Relevo exprés: un perfil feminista y «alineado» con Errejón

La diputada de Podemos en la Asamblea Clara Serra será la nueva portavoz parlamentaria de esta formación. Con el objetivo de cerrar la crisis de forma exprés, el Grupo Parlamentario se reunió en la mañana de ayer y decidió por unanimidad proponer el nombre de Serra. El único trámite que resta para que su nombramiento sea oficial es que sea ratificado por la dirección regional que lidera Ramón Espinar.
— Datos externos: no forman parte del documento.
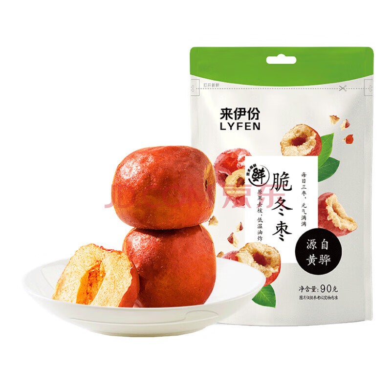 商品相册:来伊份香酥脆冬枣90g 免洗烘干脆枣空心无核红枣 办公室休闲零食第

Desde el partido en Madrid ponen el acento en que Serra es la «opción más sensata» porque está «más alineada» con el proyecto de Errejón para 2019 y tiene un «claro perfil feminista». Esta madrileña de 32 años estudió Filosofía en la Universidad Complutense Allí participó en el movimiento estudiantil por la defensa de la universidad pública. Tras licenciarse, estudiar dos másters y varios trabajos precarios, Serra comenzó a dar clases como profesora de Filosofía de secundaria y bachillerato, un trabajo que ha desempeñado durante los últimos seis años. Su vinculación con Podemos arranca desde el momento de su fundación, primero en el Área Estatal de Mujer e Igualdad y ahora también en la Asamblea de Madrid como diputada. En las primarias que confirmaron a Errejón como candidato logró un gran resultado y fue elegida por los inscritos de Madrid como la número dos de la candidatura, por delante de Tania Sánchez.